Der Alltag sei auch für Ausländer in einem armen Land nicht einfach und fordere viel Geduld und Nervenstärke. Im Wechsel mit autobiografischen Erinnerungen erfahren die Leser viel Wissenswertes über die einzelnen Länder. Maria Reddig gibt kurze Einblicke zur politischen und wirtschaftlichen Situation oder zu Bräuchen und Besonderheiten. Sie schildert beispielsweise, wie die grünen Kaffeebohnen frisch geröstet in der „Jebanna“, der Kaffeekanne, zubereitet werden, sie erinnert an die Ausgrabung von „Lucy“ 1974 und wie diese Urahnin der Menschheit zu ihrem Namen kam.

Nicht nur Gewalt und Hunger: Positive Eindrücke von Afrika überwiegen

Reddig schildert die Legende der Kaiser von Abessinien, dessen letzter „König der Könige“ Haile Selassi war. In diesen allgemeinen Passagen wie in ihren persönlichen Erinnerungen blendet sie Konflikte und Widersprüche nicht aus. Doch Afrika bedeutet mehr als Gewalt, Hunger und Armut, so Reddig, die eine differenziertes Bild von Afrika zeichnet. Die positiven Einblicke überwiegen und sollen, so der Wunsch der Autorin, die Neugierde am afrikanischen Kontinent wecken.

Fremde Kulturen und unbekannte Regionen haben Maria Reddig schon in jungen Jahren begeistert. „Reiselustig war ich schon immer“, sagte die Rodenbacherin im Gespräch. In jungen Jahren hat sie ganz Europa bereist, je unbekannter umso besser.

Das Buch

„Weihrauch, Kaffee und Re-bellen“ von Maria Reddig ist erschienen im Selfpublishing Verlag – Books on Demand (BoD) und kostet 14,99 Euro. Erhältlich ist es dort, so-wie bei gängigen Online Portalen in gedruckter Form und als eBook. Ebenso ist der Band in jedem Buchhandel vor Ort zu bestellen.

Als sich für die Erzieherin dann 1990 die Chance bot, als pädagogische Beraterin nach Äthiopien zu gehen, zögerte sie nicht lange. Nach ihrem „Traumland“ folgte in Ghana ein Aufenthalt, der mit einer lebensbedrohlichen Erkrankung als Albtraum vorzeitig endete. Maria Reddig musste schweren Herzens mit Einsätzen in Afrika endgültig abschließen. Dennoch wollte sie weiterhin im Ausland als Beraterin arbeiten. Es folgten Tätigkeiten als pädagogische Beraterin in Nordzypern, in Jordanien oder Albanien.

Sieben Jahre in Afrika im Einsatz

Insgesamt sieben Jahre lang war Maria Reddig in armen oder von Kriegen zerrütteten Regionen im Einsatz, ehe sie mit ihrem Sohn in Rodenbach ein neues Zuhause fand. Nach 17 Jahren in der Kita „Tausendfüßler“ wurde die Kita-Leiterin vor drei Jahren in den Ruhestand verabschiedet. Eine gute Gelegenheit für die agile Seniorin, ihre Reisesehnsucht wieder aufleben zu lassen, bietet der Senioren Experten Service (SES).
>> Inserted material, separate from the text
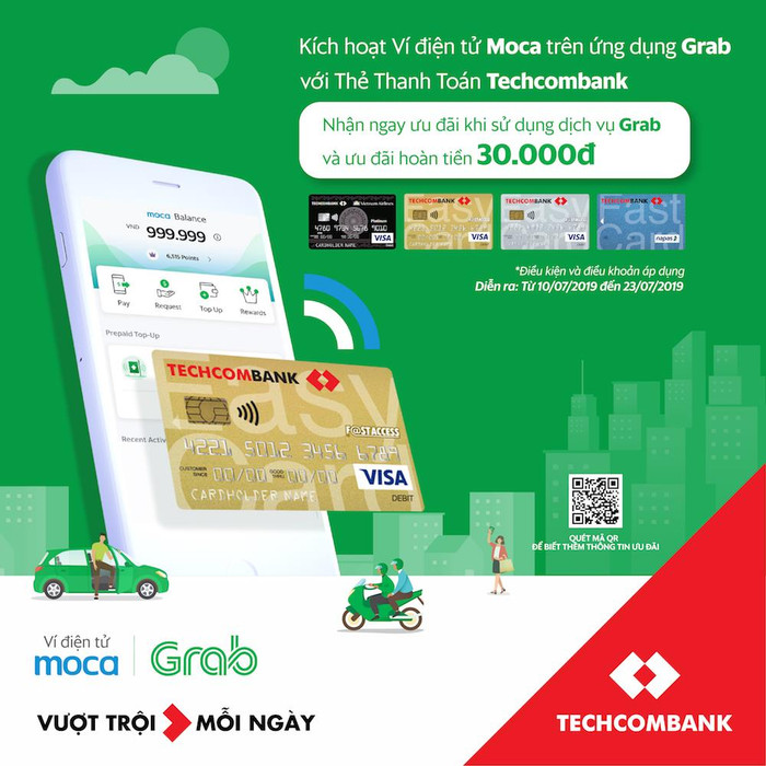 Nhân dịp này, ví điện tử Moca trên ứng dụng Grab áp dụng chương trình khuyến mại đặc biệt dành riêng cho chủ thẻ Techcombank.
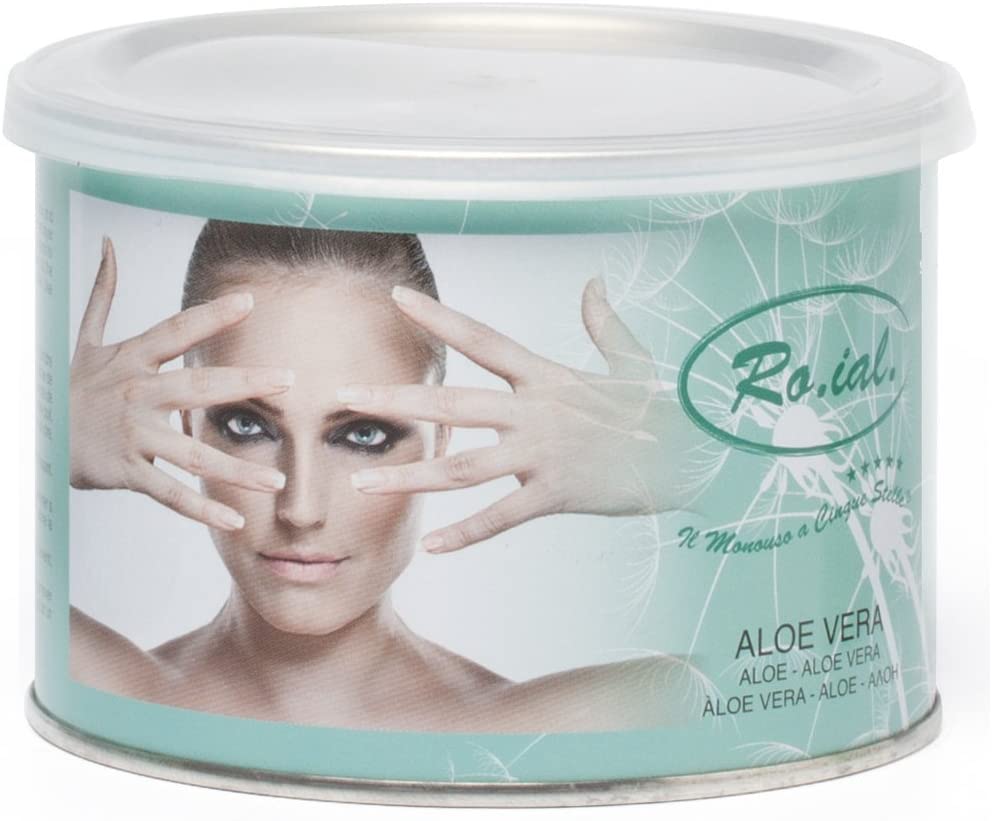 Ceretta depilazione 400ml Aloe Vera, professionale. La Cera all’Aloe Vera RO.IAL è una cera liposolubile che, grazie alle note proprietà curative dell’aloe, idrata, protegge e allevia la pelle. Per queste sue caratteristiche è altamente consigliata nei periodi estivi dove la pelle abbronzata può risultare secca e disidratata. E’ inoltre consigliata per trattamenti in zone e pelli molto sensibili. Fonde a bassissime temperature e non lascia alcuna traccia residua. Barattolo da 400 ml.MODALITÀ D’USOInserire il barattolo di cera depilatoria nell’apposito scaldacera dopo averlo aperto e riscardarlo per cira 45 sec. Il tempo di riscaldamento può variare a seconda della quantità residua nel barattolo e della potenza dello scaldacera. Mescolare con una spatola fino a che la cera assume la viscosità del miele e controllare che la temperatura della cera sia compatibile con la cute. Utilizzando la spatola stendicera applicare un sottile strato di cera secondo il senso di crescita dei peli. Appoggiare la striscia strappacera di tessuto e strappare nella direzione contraria alla crescita dei peli. La cera non sporca, eventuali residui possono essere rimossi con acqua. Dopo aver pulito applicare un latte o un olio dopocera idratante e lenitivo per prevenire l’arrossamento e rendere la pelle morbida e luminosa.Prodotto altamente professionaleProdotto in Italia

Für die Stiftung der deutschen Wirtschaft übernimmt Maria Reddig nun wieder Aufgaben in aller Welt. Die Covid-19-Pandemie hat auch der Rodenbacherin eine Reisepause aufgezwungen, die sie dennoch konstruktiv nutzen konnte. Endlich war Zeit, das ‚Afrika-Manuskript’ zu überarbeiten und zur Druck-reife zu bringen. „So konnte ich zumindest vom Reisen träumen“, sagte die Autorin und blickte ein wenig sehnsuchtsvoll über ihren Garten hinweg in die Ferne. Sie wünsche sich, dass ihr Buch, gerade in der aktuellen Zeit, wieder Lust auf Abenteuer und Reisen wecke, so Maria Reddig. Es ist ein kurzweiliges und packendes Buch für alle Leserinnen und Leser, die Interesse haben an anderen Kulturen und am afrikanischen Kontinent.